Task requirements | Transcribe all the lines below exactly. Omit the pictures.
[Opening Source data section]
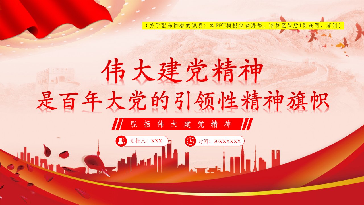 2024微党课伟大建党精神是百年大党的引领性精神旗帜在党的二十大报告中指出:“弘扬伟大建党精神,自信自强、守正创新,踔厉奋发、勇毅前行,为全面建设社会主义现代化国家、全面推进中华民族伟大复兴而团结奋斗。”(带内容)讲党课ppt模板下载
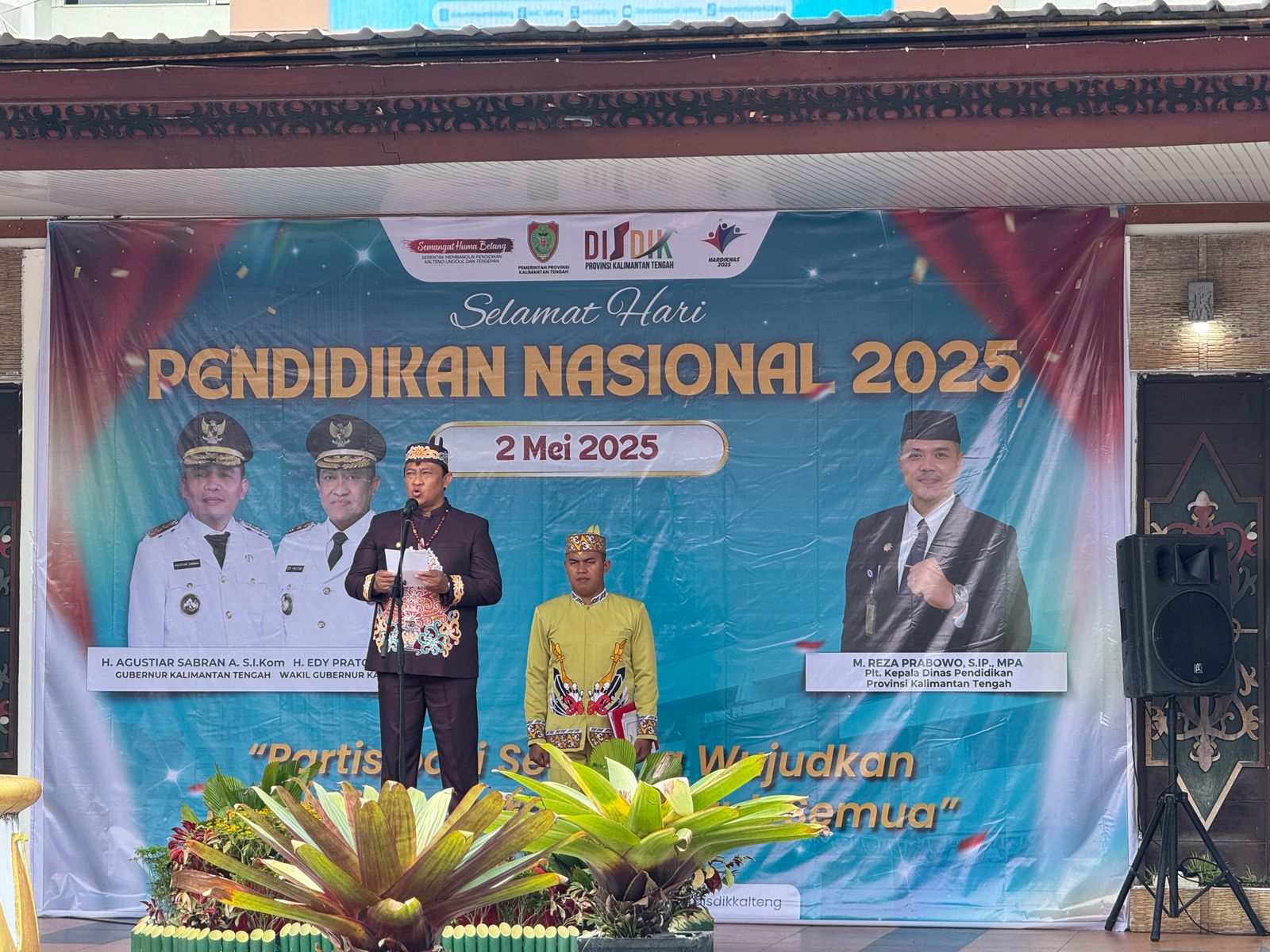 Wakil Gubernur Kalimantan Tengah, Edy Pratowo, hadir sebagai inspektur upacara dan membacakan sambutan dari Menteri Pendidikan Dasar dan Menengah, Abdul Mu’ti.
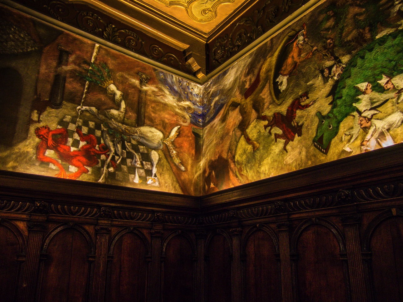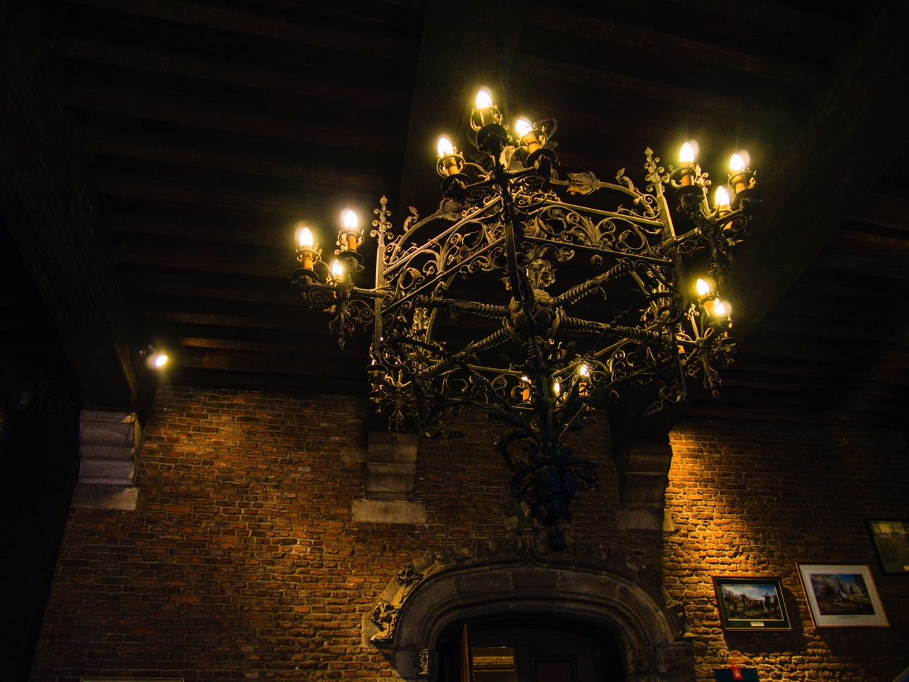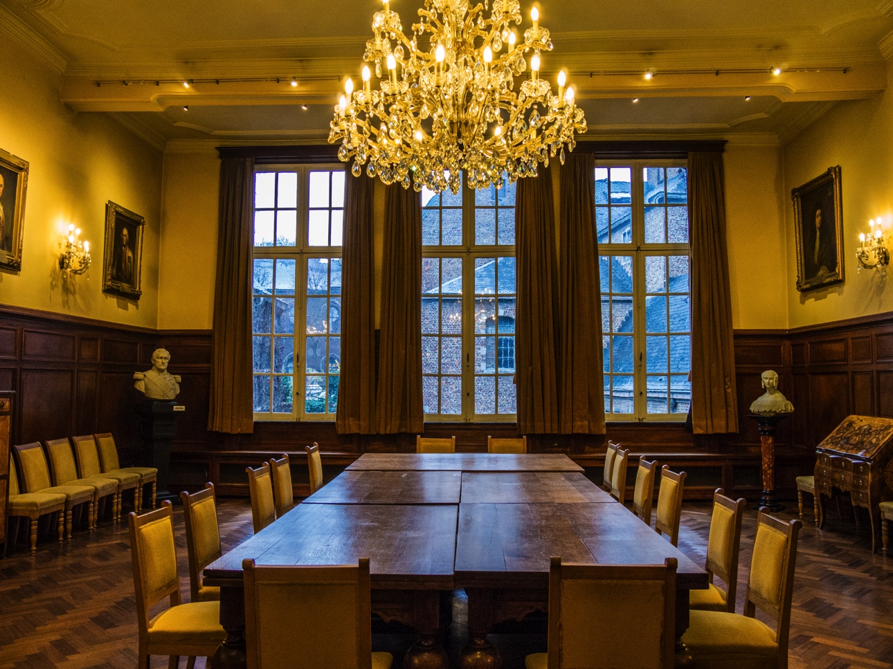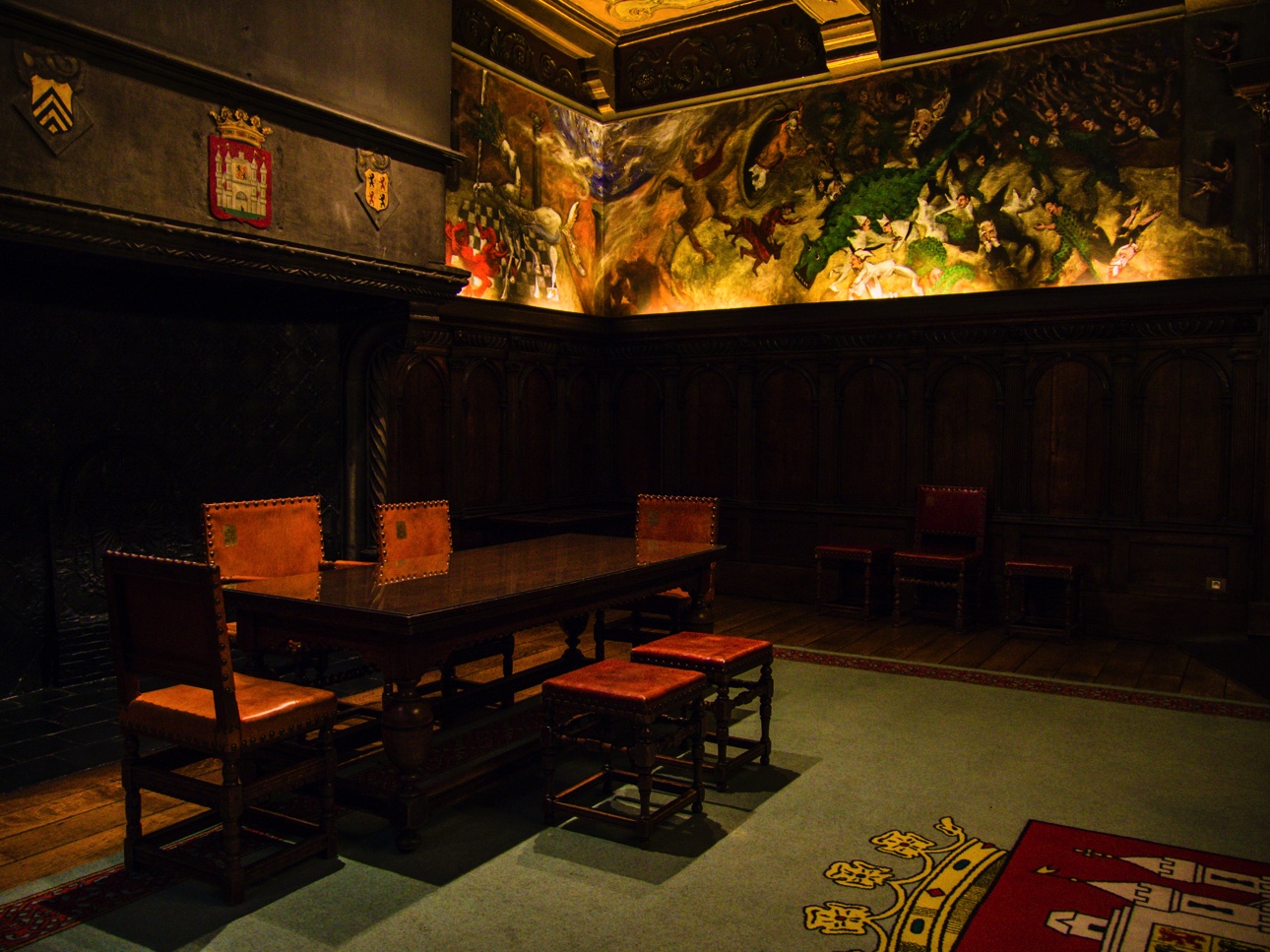 Si vous n’avez pas réservé une visite guidée de l’hôtel de ville avec Visit Mons, vous pourrez au moins voir la Salle de Sacquiaux, et ses sièges de pierre, dans l’embrasure des fenêtres, où les gardes pouvaient garder un oeil sur les allées et venues. Le salon des mariages est aussi un des plus connus. On y sent le côté ancien, le plancher craque, une grande frise reprenant plusieurs évènements historiques de Mons veille sur les futurs mariés. Nous continuons la visite, montant les escaliers, découvrant les magnificences des salles mais la plus belle reste sans aucun doute le salon gothique. Bien qu’il ait été refait au XIXème siècle, il garde toutes les caractéristiques d’une salle médiévale avec ses poutres, ses fenêtres… mais les peintures trahissent la re-décoration. Elle reste néanmoins impressionnante par la taille, par ses fenêtres qui donnent sur la Grand-Place mais aussi par le fait qu’elle donne accès à un balcon. Comme la Grand-Place est remplie par les chalets et animations pour le marché de Noël, la vue n’est pas aussi dégagée qu’il faudrait mais, ça donne une idée du spectacle qui attend celleux qui montent jusqu’ici.
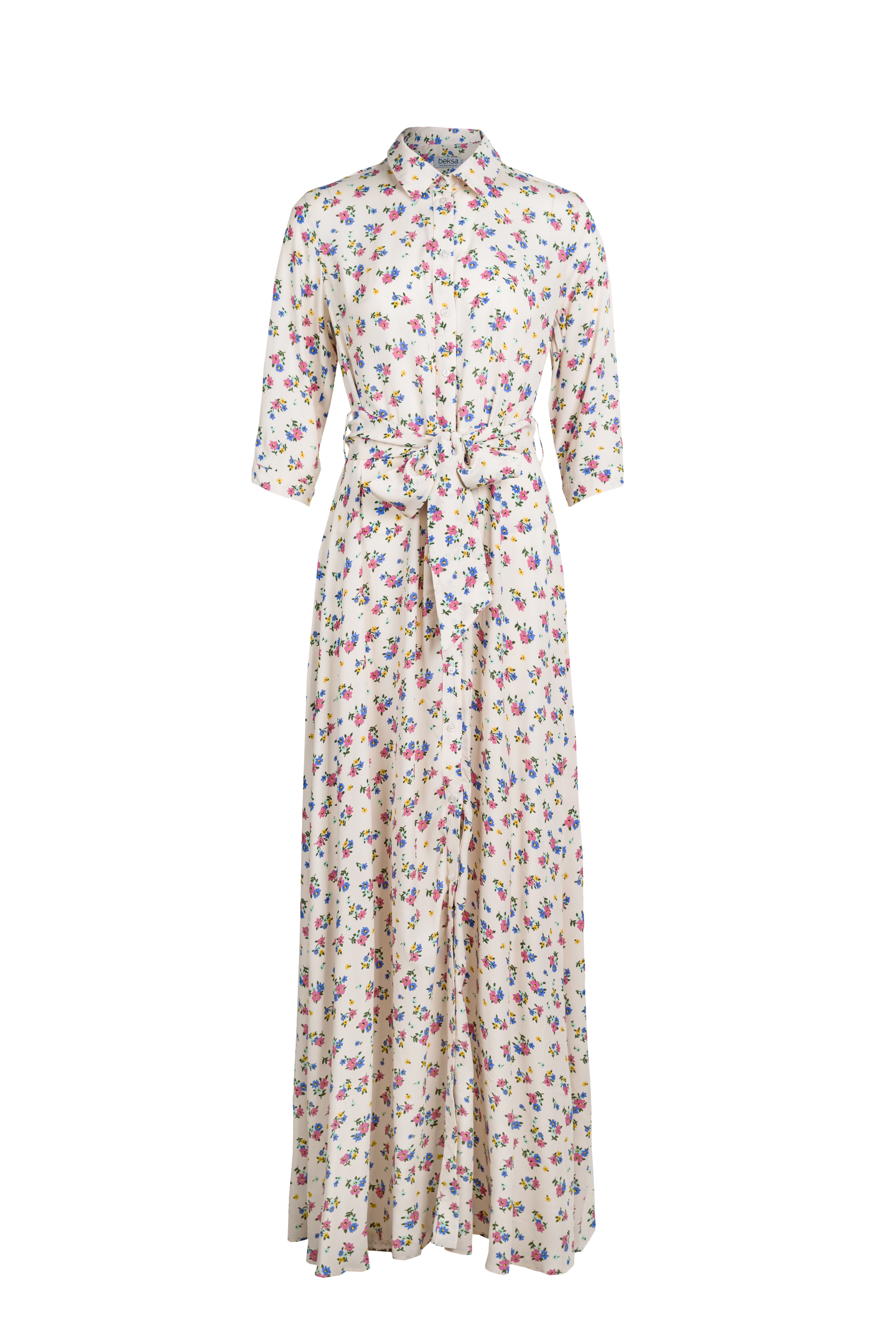 Sukienka ma długość maxi, jest zapinana na guziki i posiada koszulową górę z kołnierzem. Talia jest subtelnie podkreślona, a dołączony materiałowy pasek pozwala na regulację szerokości oraz długości – możesz lekko podciągnąć sukienkę, dopasowując ją do swojej sylwetki. Rękawy 3/4 zakończone są delikatnymi mankietami z guzikami.
[Closing Source data section]
Response to this exercise |
 2024微党课伟大建党精神是百年大党的引领性精神旗帜在党的二十大报告中指出:“弘扬伟大建党精神,自信自强、守正创新,踔厉奋发、勇毅前行,为全面建设社会主义现代化国家、全面推进中华民族伟大复兴而团结奋斗。”(带内容)讲党课ppt模板下载
 Wakil Gubernur Kalimantan Tengah, Edy Pratowo, hadir sebagai inspektur upacara dan membacakan sambutan dari Menteri Pendidikan Dasar dan Menengah, Abdul Mu’ti.
 Si vous n’avez pas réservé une visite guidée de l’hôtel de ville avec Visit Mons, vous pourrez au moins voir la Salle de Sacquiaux, et ses sièges de pierre, dans l’embrasure des fenêtres, où les gardes pouvaient garder un oeil sur les allées et venues. Le salon des mariages est aussi un des plus connus. On y sent le côté ancien, le plancher craque, une grande frise reprenant plusieurs évènements historiques de Mons veille sur les futurs mariés. Nous continuons la visite, montant les escaliers, découvrant les magnificences des salles mais la plus belle reste sans aucun doute le salon gothique. Bien qu’il ait été refait au XIXème siècle, il garde toutes les caractéristiques d’une salle médiévale avec ses poutres, ses fenêtres… mais les peintures trahissent la re-décoration. Elle reste néanmoins impressionnante par la taille, par ses fenêtres qui donnent sur la Grand-Place mais aussi par le fait qu’elle donne accès à un balcon. Comme la Grand-Place est remplie par les chalets et animations pour le marché de Noël, la vue n’est pas aussi dégagée qu’il faudrait mais, ça donne une idée du spectacle qui attend celleux qui montent jusqu’ici.
 Sukienka ma długość maxi, jest zapinana na guziki i posiada koszulową górę z kołnierzem. Talia jest subtelnie podkreślona, a dołączony materiałowy pasek pozwala na regulację szerokości oraz długości – możesz lekko podciągnąć sukienkę, dopasowując ją do swojej sylwetki. Rękawy 3/4 zakończone są delikatnymi mankietami z guzikami.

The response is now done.